Abstract:
A chuck stop for a multi jaw chuck which has plural webs and a means to grip the bore of the chuck to secure the stop. The webs rest between the jaws so as not to interfere with the action of the chuck. First surfaces of the webs abut the face of the chuck. Work can be squarely aligned against second surfaces of the webs, which are opposite and parallel to the first surfaces.

Description:
FIELD OF THE INVENTION 
     This invention pertains to a new device for use with a lathe equipped with a multi-jaw chuck. 

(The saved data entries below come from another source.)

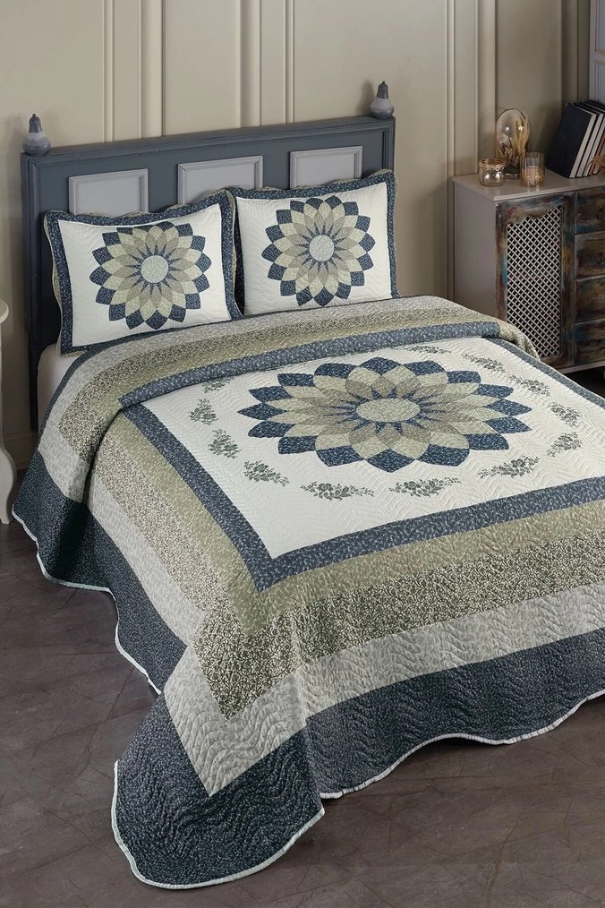 Gri renkli, nakışlı çiçek desenlerine sahip yatak örtüsü seti. Uyumu sağlayan yastık kılıfları ile birlikte gelir.
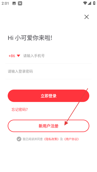 3、在登录注册选择页面,点击新用户注册,进入注册信息填写页面。
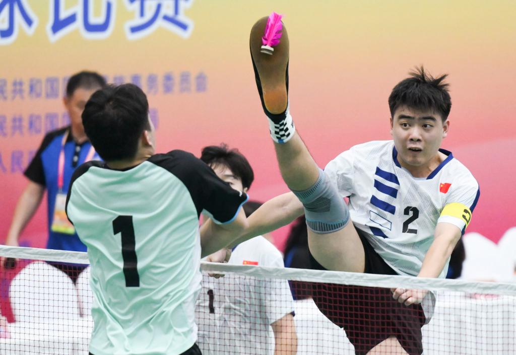 “全國毽球界頂級高手都在這里相遇,我感到壓力很大,但是也學到了很多新技術?!?4歲的貴州隊毽球運動員羅文兵說。
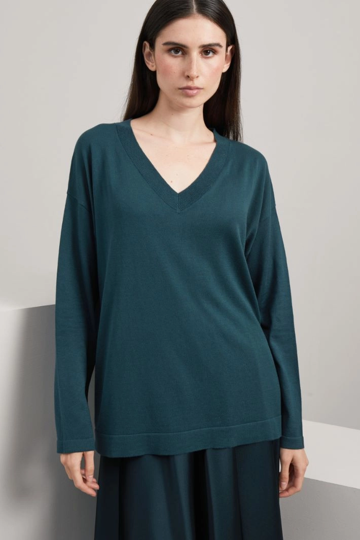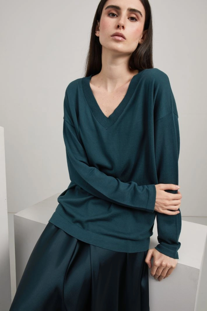 Maglia dalla linea morbida realizzata in filato di cotone e seta. Il modello ha scollo a V, maniche lunghe e profili rifiniti a coste.
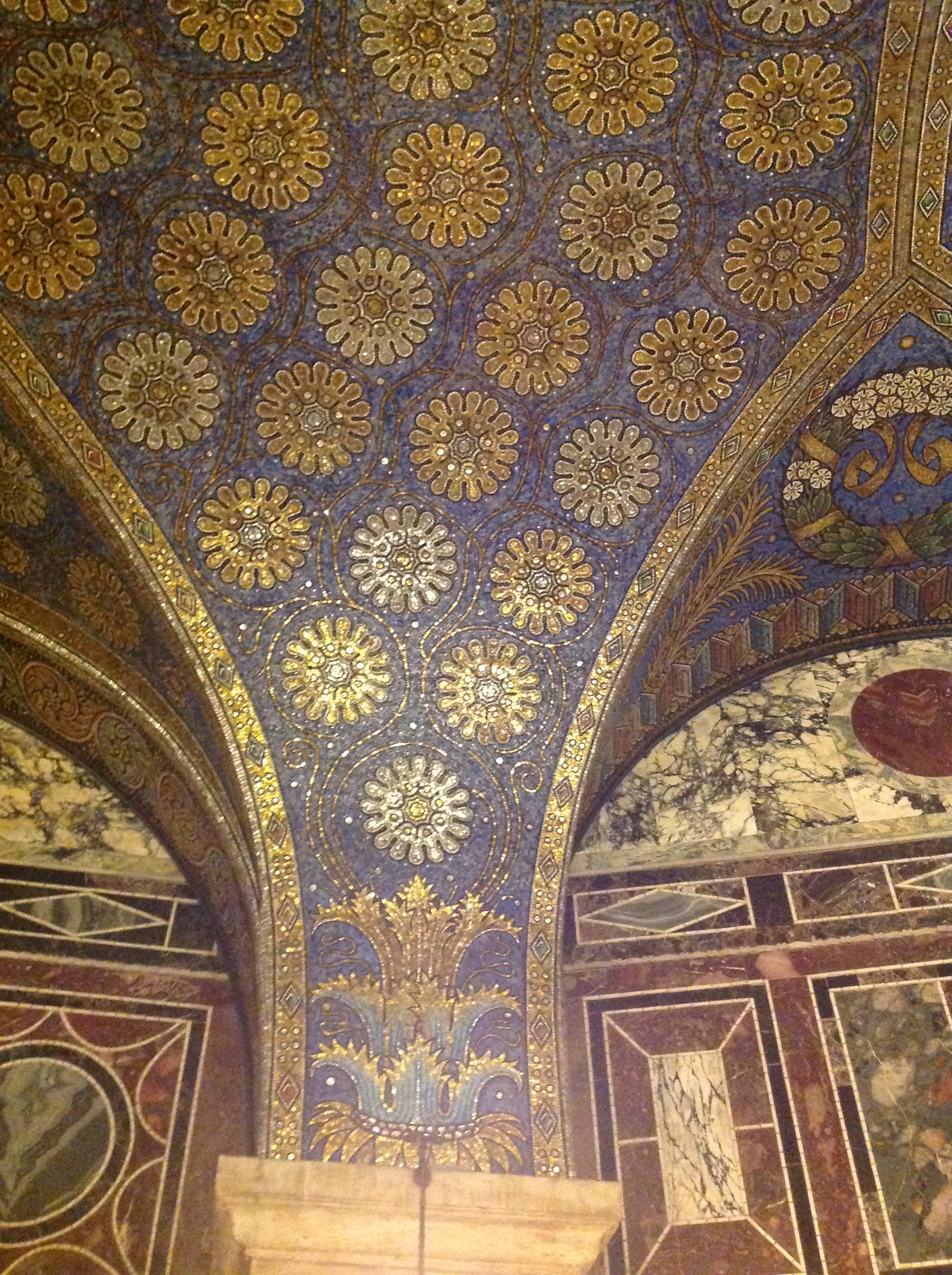 Many Catholic cathedrals I have visited have chaste marble or stone columns that seem to be intentionally subtle in color so as not to take away from the grandeur of the stain glass windows, marble statues, and golden chalices associated with Catholic mass. But clearly, it wasn’t always that way.

     BACKGROUND OF THE INVENTION 
     In performing work on a lathe equipped with a multi-jaw chuck it is often necessary to align the work so that the axis of the work is parallel with the axis of the lathe. By way of example, a work-piece shaped approximately like a flat disk has a virtual axis. This virtual axis is a line perpendicular to the plane of the disk. In order to machine this part correctly, the disk should be placed in the jaws of the lathe so that its axis is parallel with the lathe axis. A sleeve also has an axis which is a line centered in an parallel to the sleeve itself. In order to perform a machine operation, such as machining the outer, peripheral surface of the sleeve after it has been bored and turned, it is necessary to clamp the sleeve in the multi-jaw chuck such that its axis is parallel to the axis of the lathe. Similarly, rings, spacers and various other parts should be aligned to be parallel to the axis of the lathe in the jaws of the lathe. 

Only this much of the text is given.